The left column shows parent-child relationships with indentation and connector lines. This hierarchy matters for three reasons:

Navigation - quickly find where a specific action happened in the trace
Metric aggregation - rollups (total latency, aggregate token usage) are computed from the hierarchy
Evaluation logic - many properties use parent-child relationships when computing scores (for example, agent-level properties that inspect their tool children)
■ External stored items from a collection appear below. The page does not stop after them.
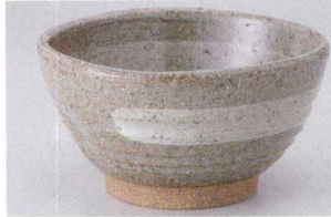
311-101-52 2,700円 土灰釉たわみ5.5井(16.5×9) 531110252
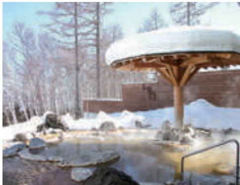
▲シャトレゼガトーキングダム小海

「温泉の温かさが染みる」「冬ゴルフは、空気が澄んで最高」「真っ白なゲレンデで心も身体もリセット」、市指定保養施設で「冬だからこそ…」を楽しんでみませんか。
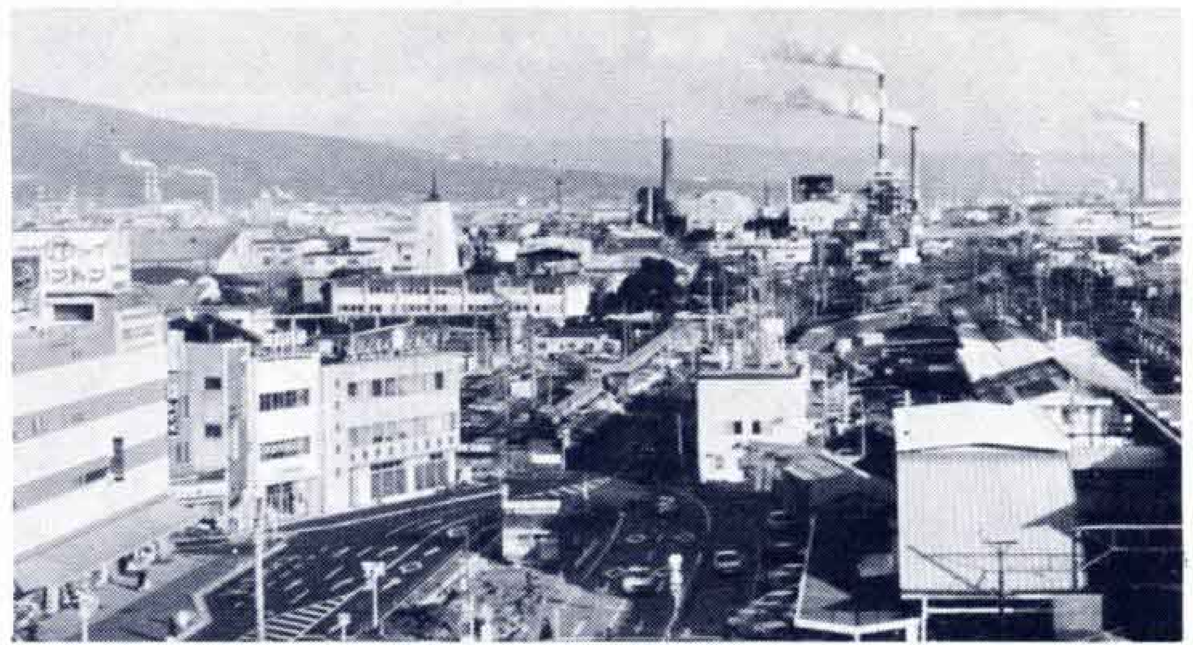
【整備される富士駅前】

特に新規事業では、第3保育園(原田地区)の新築、母子家庭等への医療助成をはじめ障害児保育の促進事業強化、1人暮らし老人世帯に簡易火災警報器が新しく取り付けられます。また、昨年6月指定を受けた「障害者福祉都市」の推進事業、生活保護家庭の高校入学準備金援護や県下初の「高齢者事業団」が、この7月ごろ発足のための予算措置、吉原、富士養護老人ホームを統合し、富士見台団地に新築すべく用地取得造成費も予算化しました。
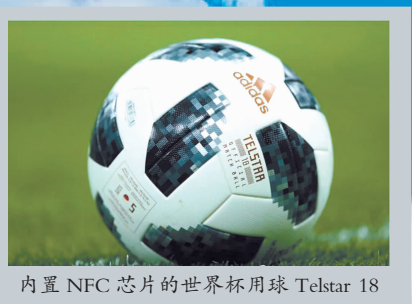
内置 NFC 芯片的世界杯用球 Telstar 18
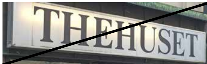
Innerbelysta skyltlådor med slät framsida ska inte förekomma
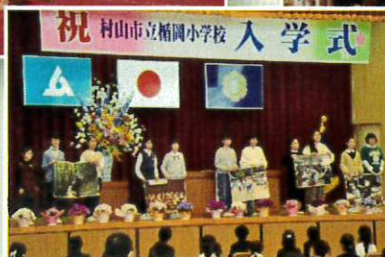
児童会を代表して、6年生の新委員長11名が、学校紹介をしました。
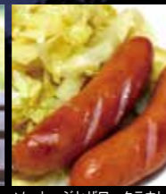
ソーセージとザワークラウト

開催日 11月11日(月)、13日(水)、15日(金) 18日(月)、20日(水)、22日(金)
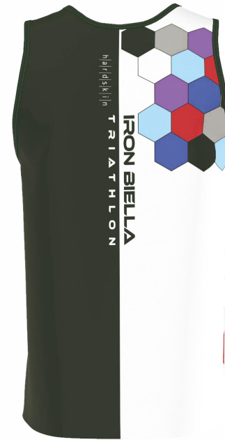
FRONT VIEW BACK VIEW
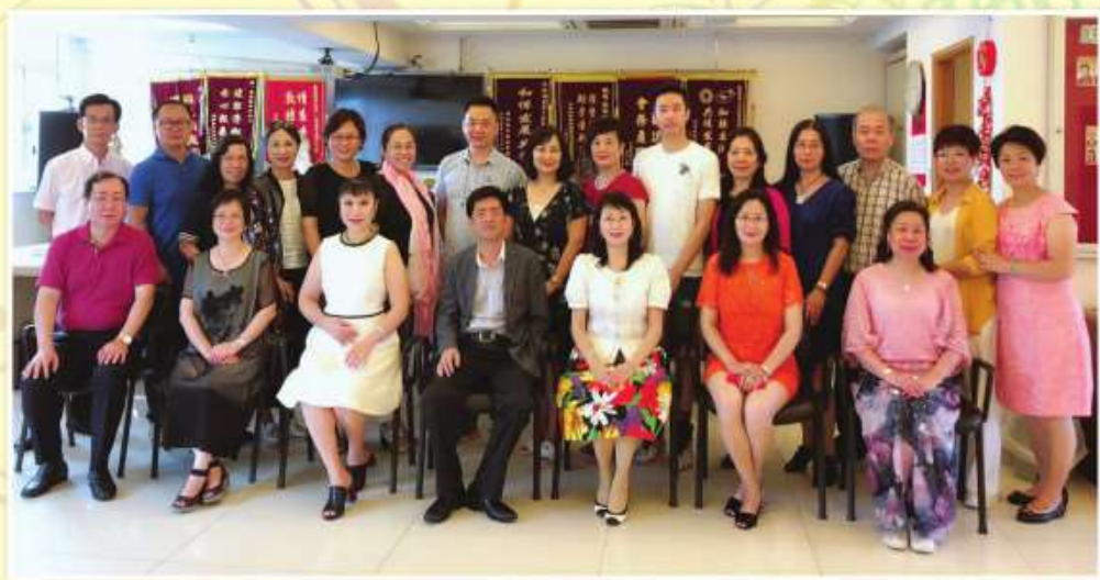
香港海南省同鄉協會前來本會拜訪
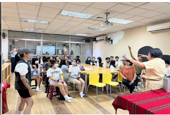
就業國軍人才-ROTC 宣導
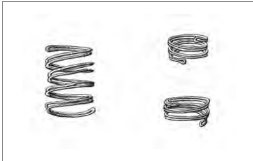
5. Guldringar från gravarna 516 i Karlslunde (A) (efter Aner & Kersten 1973: Tafel 108) och grav 578 Vester-Såby (B) (efter Aner & Kersten 1973: Tafel 120) från København amt.
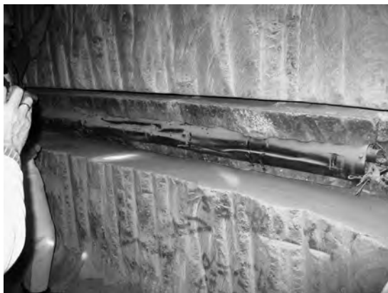
写真2 アッセ研究鉱山における岩塩の熱特性試験箇所。

のゴアレーベンが挙げられるが、現在も計画は凍結されたままであり、岩塩分布域以外の地層を含めたサイト選定手続きそのものの見直しが検討中である。なお、モルスレーベン処分場とアッセ研究鉱山は岩塩、コンラッド処分場は鉄鉱石が分布する。
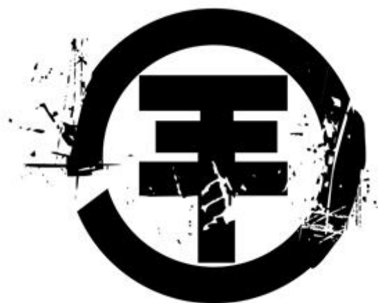
Obr. 13 Znak skupiny Tokio Hotel

Po necelých dvou letech byla deska připravena k vydání. Za velkou prodejnost vděčí kapela i teenagerskému časopisu Bravo, který z ní udělal fenomén ještě před vydáním debutového alba. Jako ochutnávka vyšel napřed singl Durch den Monsun (ve východní Asii byla vydána jeho japonská modifikace). Bylo to 15. srpna 2005 a od tohoto data se počítá celá tokiománie. Obchody se singly byly doslova v obležení fanynek. Úspěchy se valily jako lavina. Durch den Monsun se po jedenácti dnech katapultoval z nuly na první příčky hitparád v Německu i Rakousku. Postavy mladých muzikantů byly na titulních stranách spousty časopisů. Tisíce ječících fanynek doprovázely kluky na každém kroku.
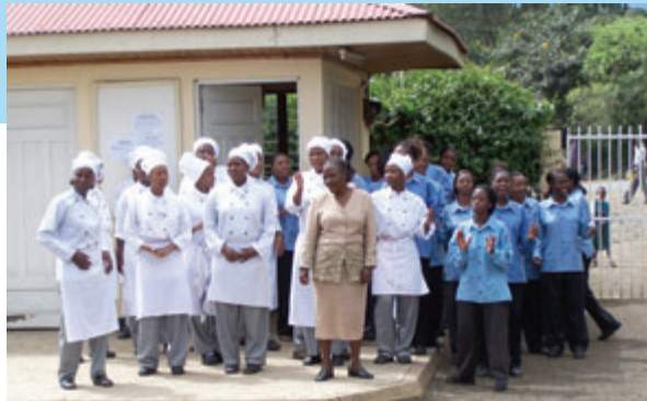
Elèves du Arusha Hotel Training Institute

Dans les pays d'Afrique au sud du Sahara le projet principal de la Fondation Hanns Seidel est de renforcer la position de la femme dans la société. Cette activité est extrêmement variée. Pour la population en général, des séminaires sont offerts sur des thèmes fondamentaux tels que les soins aux nourrissons, l'hygiène, la prévention du SIDA, qui s'adressent à des besoins fondamentaux. Dans le domaine de la promotion économique, les femmes sont invitées à des cours spéciaux sur la comptabilité, le droit fiscal et le planning d'entreprise. En Tanzanie des parlementaires et députées organisées dans l'« Union of Women of Tansania » (UWT), sont des partenaires importantes. Dans le domaine de la promotion féminine, le travail de la Fondation en Tanzanie est exemplaire. Un exemple est l'assistance au Arusha Hotel Training Institute (AHTI) dans
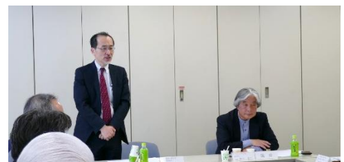
↑ 国土交通省渡邊市街地整備課長と野口評議員会議長
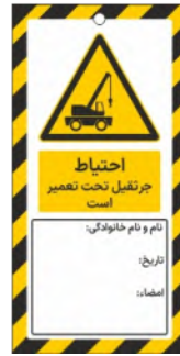
82115-Fa PVC ML 10×21 15×30
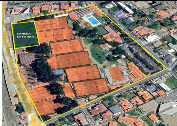
Club de Tenis Sede La Florida

Para ser llenado por el proponente al momento de elaborar su propuesta
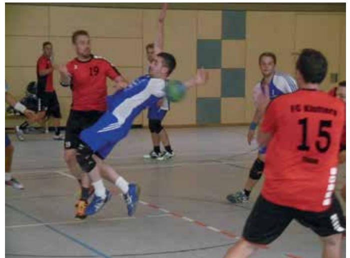
Auch in den Vorbereitungsspielen war der Einsatz groß

Aufgrund der Neueinteilung der Ligen ist eine Prognose schwierig, unter einige altbekannte Mannschaften mischen sich auch neue Teams aus Blaustein bzw. Langenau, deren Spielstärke noch nicht einschätzbar ist. Somit wäre wahrscheinlich ein Platz im Mittelfeld schon ein annehmbares Ziel für die Mannschaft um das Trainergespann Heiko Griebel/Rene Tschuschke.

3 - System metrics and metadata

When you select a span, the middle section shows its system data: span ID, start/end timestamps, run status (OK, ERROR, UNSET), and aggregated token counts with total, min, average, and max statistics. For parent spans, aggregated tokens include all descendants. You can copy a direct link to share the exact span with teammates.

4 - Data source selector

Not all data comes from the same place. Toggle between three views:

Processed Data (default) - Structured fields that Deepchecks uses for evaluation (input, output, prompt, retrieval chunks)
Attributes - Raw span attributes in JSON format
Events - Logged events in JSON format

Viewing the span's logged attributes — Viewing raw span attributes

5 - Data field navigation

Processed data is organized into fields (Input, Output, Full Prompt, Retrieval Context, etc.). This bar lets you expand or collapse individual fields to focus on what matters. These are the same fields that Deepchecks uses as inputs when calculating properties - what you see here directly drives the scores in the right panel.

6 - Processing status

Shows whether Deepchecks has finished evaluating this span:

Completed - All analysis steps are complete. Scores and annotations are final.
In Progress - Some analysis steps (property calculations, annotations, topic inference, similarity checks) are still running. Values may update.
Partial - One or more analysis steps failed or became stuck. Re-upload the interaction to retry.
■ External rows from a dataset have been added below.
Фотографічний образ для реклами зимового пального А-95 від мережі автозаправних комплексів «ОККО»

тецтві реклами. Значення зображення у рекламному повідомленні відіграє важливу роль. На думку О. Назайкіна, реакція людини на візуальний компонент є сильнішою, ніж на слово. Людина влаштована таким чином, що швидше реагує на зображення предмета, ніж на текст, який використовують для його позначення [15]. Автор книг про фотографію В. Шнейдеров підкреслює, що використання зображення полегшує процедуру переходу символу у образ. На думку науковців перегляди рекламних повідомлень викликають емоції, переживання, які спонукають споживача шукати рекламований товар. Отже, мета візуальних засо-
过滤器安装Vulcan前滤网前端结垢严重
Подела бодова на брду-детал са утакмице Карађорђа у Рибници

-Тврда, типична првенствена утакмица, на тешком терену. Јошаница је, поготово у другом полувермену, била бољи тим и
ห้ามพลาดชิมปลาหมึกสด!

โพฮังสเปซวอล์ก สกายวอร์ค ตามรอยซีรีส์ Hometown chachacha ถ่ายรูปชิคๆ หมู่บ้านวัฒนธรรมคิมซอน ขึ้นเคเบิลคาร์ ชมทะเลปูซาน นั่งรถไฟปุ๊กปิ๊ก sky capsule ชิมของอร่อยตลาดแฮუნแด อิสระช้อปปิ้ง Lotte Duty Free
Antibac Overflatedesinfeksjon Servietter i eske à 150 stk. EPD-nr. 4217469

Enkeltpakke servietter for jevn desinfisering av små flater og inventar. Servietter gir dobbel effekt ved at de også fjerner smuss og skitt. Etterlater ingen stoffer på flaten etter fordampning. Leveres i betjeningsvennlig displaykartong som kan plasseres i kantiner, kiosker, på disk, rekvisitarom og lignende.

The same status appears on each row of the Interactions and Sessions lists. A session's status aggregates its interactions - "Partial" if any is partial, "Completed" when all are completed, otherwise "In Progress".

7 - Annotations

Shows the annotation for the selected interaction - both the automatic label and any human label applied. When a human annotation exists, it takes precedence and is shown first.
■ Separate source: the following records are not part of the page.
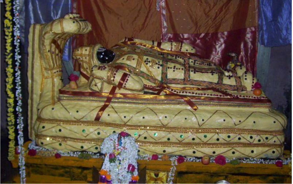
'Ranganatha in veNNAikkAppu'

pariyanAki vantha avuNan udalkINda, amararkku- ariya AthipirAn arangaththu amalan mugaththu, kariyavAkip pudaiparanthu miLirnthu sevvariYodi, nINdavap-periya vAya kaNkaL ennaip pEthamai seythanavE!
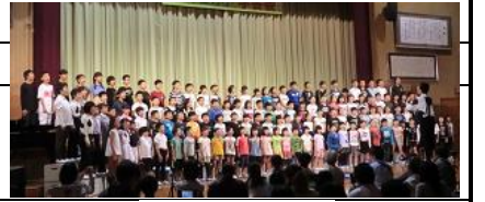
心をひとつに 学芸会
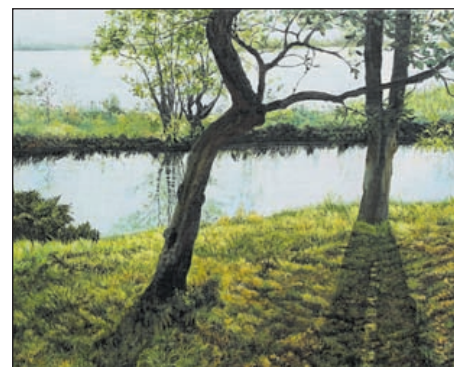
Werk van de Heemstedse An Luthart.

De tentoonstelling is vanaf donderdag 17 augustus t/m zondag 3 september in de Waag aan het Spaarne te Haarlem 30 te bezichtigen. Op zondag 20 augustus om 16.00 uur vindt de officiële opening plaats. Info: www.kzod.nl en Facebook.
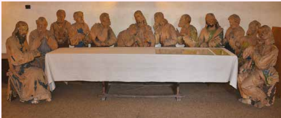
Sousoší Poslední večeře Páně v životní velikosti v klášterním refektáři
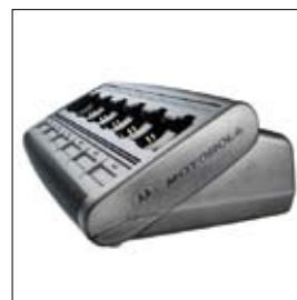
WPLN4189 Chargeur multiple Impres (prises européennes)
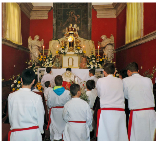
BLATO: Otvaranje kvarantora na Cvjetnicu
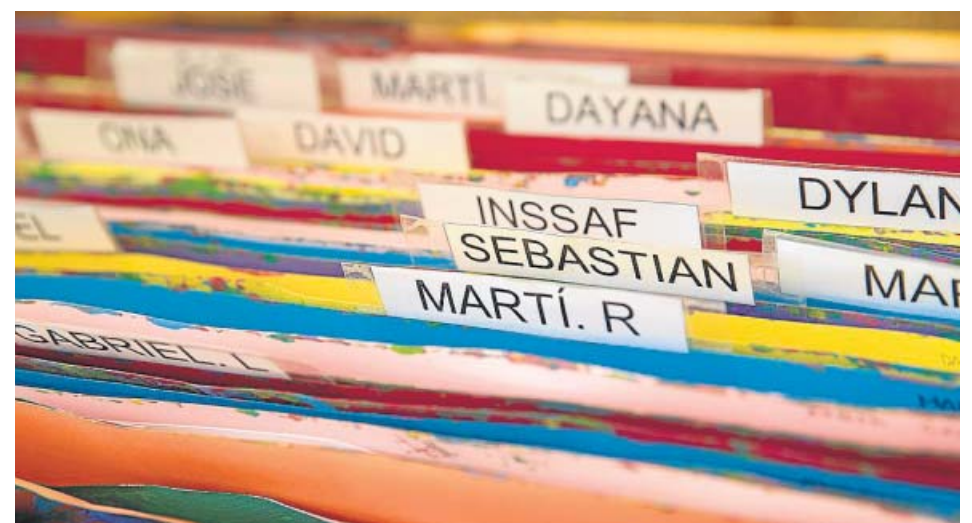
Carpets amb material d'alumnes. DEPARTAMENT D'EDUCACIÓ

A l'educació primària, ESO i batxillerat -excepte la modalitat d'artístic- tenen preferència els alumnes que provenen d'un centre adscrit al centre demanat. A ESO i batxillerat, només per alguns centres, també tenen preferència els alumnes que cursen simultàniament ensenyaments professionals de música i dansa i programes esportius d'alt rendiment. En tots els ensenyaments obligatoris i el batxillerat, per a l'ordenació de les sol·licituds s'apliquen a continuació els criteris generals de prioritat, que són els següents: - Si actualment hi ha germans matriculats al centre o el pare, mare, tutor legal hi treballa: 40 punts. - Per proximitat del domicili o del lloc de treball al centre sol·licitat en primer lloc (només una opció): ● Domicili a l'àrea de proximitat del centre: 30 punts. ● Lloc de treball a l'àrea de proximitat del centre: 20 punts. ● Domicili al mateix municipi del centre: 10 punts. ● A la ciutat de Barcelona, domicili al mateix districte del centre: 15 punts. - Si el pare, mare o tutor legal reben l'ajut de la renda garantida de ciutadania: 10 punts. - Per discapacitat igual o superior al 33% de l'alumne o d'un familiar de primer grau: 10 punts. - En el batxillerat també es té en compte la nota mitjana. Com a criteris complementaris de desempat, hi ha el de família nombrosa o monoparental (15 punts).
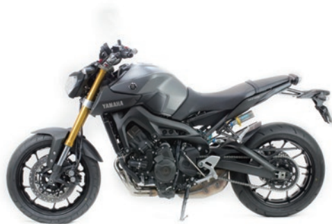
ダイノテストと実走行テストで、様々なライディングフィールドのセッティングデータをチャート化仕様を決定しています。

そこで Technix では TASC キットを MT-09 用に新たに開発。片側をコンプレッションダンパー、もう片側をリバウンドダンパーの左右独立調整式システムに大きく変更。さらにスプリングレートも見直し最適化。ダンピングにワイドな調整幅を持たすことで、ストリートからスポーツ走行までの幅広いシチュエーションで最適な特性を得ることが可能となります。

As a human annotator, you can:

Label the interaction as Good, Bad, or Unknown
Add a free-text note to explain your reasoning or flag something for review

Human annotations feed into the Deepchecks Evaluator - the more interactions you annotate, the more accurate the automatic annotation pipeline becomes.

Configuring the human annotation — Click the annotation to add or edit a human label

8 - Property list

All properties active for the selected span's interaction type. Properties are grouped into Pinned (starred to your Overview) and Other, with scored properties shown first and N/A values at the end. Each entry shows the property name, type (built-in, prompt, or user-value), and score. Click to expand the full reasoning.

Example of a null score reasoning — Even null scores include reasoning explaining why

9 - Session bar

The top bar provides the session-level summary: session ID (usually the trace ID), start timestamp, aggregated latency and tokens across all spans, and the session topic. This stays visible regardless of which span is selected.

The bar also shows a session X of Y or interaction X of Y counter, depending on how you arrived at this screen. Use the arrows to move between items without going back to the list:

Session X of Y - when you navigated here from the Sessions list. The arrows move through sessions in the same filtered list.
Interaction X of Y - when you navigated here from the Interactions list. The arrows move through interactions matching the filters you had applied.